### Task to complete
Each line of the data must be given back verbatim, with pictures removed.

_ _ _ _ _ _ _

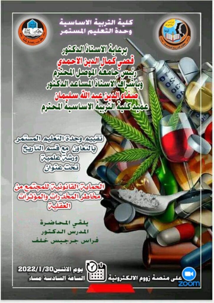 وحدة التعليم المستمر في كلية التربية الأساسية تقيم ورشة عمل عن مخاطر المخدرات
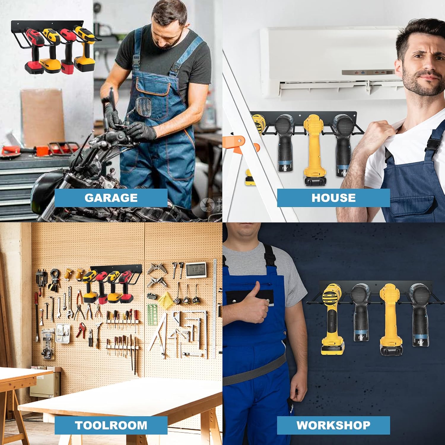 Electric Drill Storage Rack, 2PCS Heavy Duty Metal Wall Mounts, Holds 4 Drills, Compact Storage for Garage or Workshop
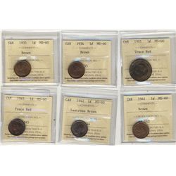 1901 1¢, 1934, 1935, 1941, 1942 & 1945 all ICCS MS60. Lot of 6 coins.
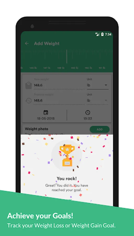 ✓ Set your weight goals - Both Weight Loss and Weight Gain.
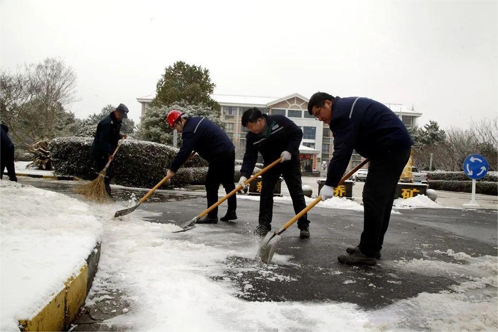 生產(chǎn)管理部組織員工清理辦公樓廣場(chǎng)積雪,確保進(jìn)出員工、車(chē)輛安全通行。
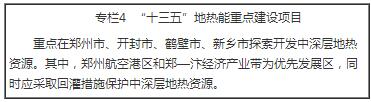 加大地?zé)崮荛_發(fā)利用研究,完善地?zé)崮荛_發(fā)利用相關(guān)標(biāo)準(zhǔn)、政策、價格等行業(yè)管理體系。以“地?zé)崴h(huán)利用”為指導(dǎo)原則,積極推進(jìn)水熱型地?zé)峁┡?,進(jìn)行傳統(tǒng)供暖區(qū)域的清潔能源供暖替代,將水熱型地?zé)崮芄┡{入城鎮(zhèn)基礎(chǔ)設(shè)施建設(shè)中,集中規(guī)劃,統(tǒng)一開發(fā)。按照“因地制宜,集約開發(fā),加強(qiáng)監(jiān)管,注重環(huán)保”的原則,除城鎮(zhèn)地下空間利用規(guī)劃的區(qū)域外,在公共建筑和新建住宅小區(qū)等區(qū)域鼓勵開發(fā)利用淺層地?zé)崮?。通過技術(shù)進(jìn)步、規(guī)范管理解決目前淺層地?zé)崮荛_發(fā)中出現(xiàn)的問題。結(jié)合大氣污染治理,重點(diǎn)在鄭州、開封、鶴壁、新鄉(xiāng)等清潔供暖試點(diǎn)城市探索開展地?zé)崮馨l(fā)電示范項目。到2020年,新增地?zé)崮芄┡娣e8200萬平方米。
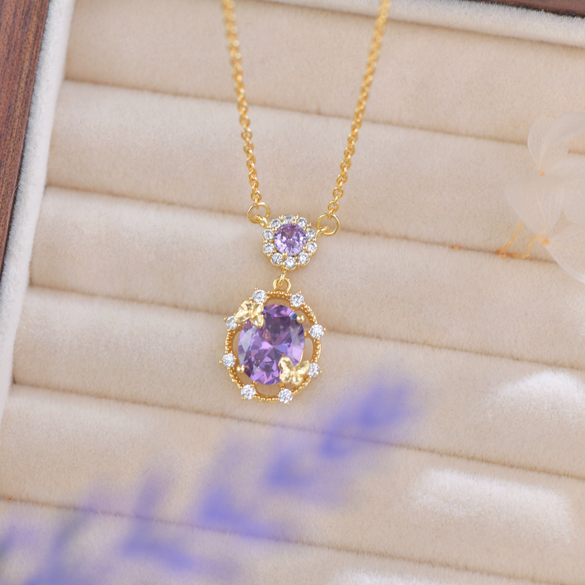 Exclusive patented butterfly-themed jewelry set featuring premium purple zirconia, including a delicate necklace, bracelet, and earrings with French-inspired luxury details.

_ _ _ _ _ _ _

### Response to the task
 وحدة التعليم المستمر في كلية التربية الأساسية تقيم ورشة عمل عن مخاطر المخدرات
 Electric Drill Storage Rack, 2PCS Heavy Duty Metal Wall Mounts, Holds 4 Drills, Compact Storage for Garage or Workshop
 1901 1¢, 1934, 1935, 1941, 1942 & 1945 all ICCS MS60. Lot of 6 coins.
 ✓ Set your weight goals - Both Weight Loss and Weight Gain.
 生產(chǎn)管理部組織員工清理辦公樓廣場(chǎng)積雪,確保進(jìn)出員工、車(chē)輛安全通行。
 加大地?zé)崮荛_發(fā)利用研究,完善地?zé)崮荛_發(fā)利用相關(guān)標(biāo)準(zhǔn)、政策、價格等行業(yè)管理體系。以“地?zé)崴h(huán)利用”為指導(dǎo)原則,積極推進(jìn)水熱型地?zé)峁┡?,進(jìn)行傳統(tǒng)供暖區(qū)域的清潔能源供暖替代,將水熱型地?zé)崮芄┡{入城鎮(zhèn)基礎(chǔ)設(shè)施建設(shè)中,集中規(guī)劃,統(tǒng)一開發(fā)。按照“因地制宜,集約開發(fā),加強(qiáng)監(jiān)管,注重環(huán)保”的原則,除城鎮(zhèn)地下空間利用規(guī)劃的區(qū)域外,在公共建筑和新建住宅小區(qū)等區(qū)域鼓勵開發(fā)利用淺層地?zé)崮?。通過技術(shù)進(jìn)步、規(guī)范管理解決目前淺層地?zé)崮荛_發(fā)中出現(xiàn)的問題。結(jié)合大氣污染治理,重點(diǎn)在鄭州、開封、鶴壁、新鄉(xiāng)等清潔供暖試點(diǎn)城市探索開展地?zé)崮馨l(fā)電示范項目。到2020年,新增地?zé)崮芄┡娣e8200萬平方米。
 Exclusive patented butterfly-themed jewelry set featuring premium purple zirconia, including a delicate necklace, bracelet, and earrings with French-inspired luxury details.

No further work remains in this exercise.